Vassallo is a University lecturer in economics and was one of the speakers at the last PN's extraordinary general council meeting where he said that the PN must not only reform the institutions of the State but of the party itself.
On TVM's Xtra, Vassallo said that Prime Minister Joseph Muscat was very tactful in 2013 and 2014 when Labour provoked a debate on the legalisation of civil unions for same-sex couples, later signed into law.
"From a political angle, the civil liberties were needed in the country but it was a Machiavellian tactic by Joseph Muscat because through it he attacked the PN at its Achilles' heel, ostensibly breaking open the party. The rift in the PN right now is an ideological one and he knew what he was doing," Vassallo said.
He added that the PN was built on Christian values and that this was changing. He argued that Malta had stopped relying on the church for its moral compass and that when this happened, the PN found itself without a natural home.

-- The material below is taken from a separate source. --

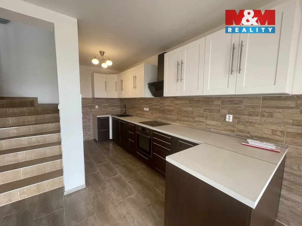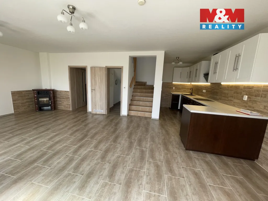 Nabízíme pronájem řadového rodinného domu s garáží, postaveného v r. 2017 ve velmi žádané lokalitě obce Velká Polom. Dům postaven s dispozicí 4+kk, majitelem upraveno na 3+kk. V přízemí domu se nachází předsíň, technická místnost s WC, kuchyň, vybavena kuchyňskou linkou s vestavěnými spotřebiči, a je propojena s obývacím pokojem 7,40x 4,60cm. odkud je vstup na krytou pergolu a zahradu, vedle kuchyňské linky spíž. V horním patře je koupelna s vanou i sprchovým koutem, WC, ložnice a velký pokoj, který lze rozdělit na 2 pokoje. Vytápění domu je přízemí zajištěno podlahovým topením a krbovými kamny, zbytek domu moderními přímotopy. Dům je zateplený a má nízké náklady na bydlení. Na zahradě je k dispozici domek na nářadí, před domem mohou zaparkovat až 3 auta a jedno v garáži. Strategická poloha, díky napojení na Rudnou autem 20 min. do Ostravy i Opavy, a nachází se v obci s veškerou občanskou vybaveností. Doporučujeme prohlídku této zajímavé nemovitosti.

"The PN is at a crossroads and it's not easy going in one direction and closing off all other possibilities... the PN also has serious problems of good internal governance and if it were a business, it would have defaulted," Vassallo said.
Former PN candidate and trade unionist Gejtu Vella was in agreement with Vassallo and said that the PN was left without direction after it had led the charge to take Malta to the European stage.
"After that, the PN did not know what else to do. It had no other strategy. The economic crisis struck then and Labour rode that wave of the international economic crisis. Labour gave the impression that that crisis was the PN's responsibility, but in actual fact, the PN did well. Comparatively, Malta was a success, in line with countries like Germany," Vella said.
He added that in 2013, Labour started speaking about values like transparency, accountability and meritocracy and insisted that the electorate cared about these values.
Vassallo said that while Opposition Leader Adrian Delia hadn't improved in standings after the political crisis that saw Muscat announcing his resignation in the wake of controversy, the PN chief could not keep being condemned for his past mistakes.
"Delia can't keep getting condemned for what he said about journalist Daphne Caruana Galizia a few months before her assassination. All he said back then was legitimate, that the agenda of the party cannot be dictated by a journalist or by implications being propagated by people outside the party," he said.
He added that, currently, the PN was reacting to the political situation in the country. "It's as if we stopped discussing politics and are now simply talking about the abuse of power. When power becomes an end in itself, to safeguard one's status, that's where we have a problem. This is happening everywhere... people are losing their faith in the elite," he said.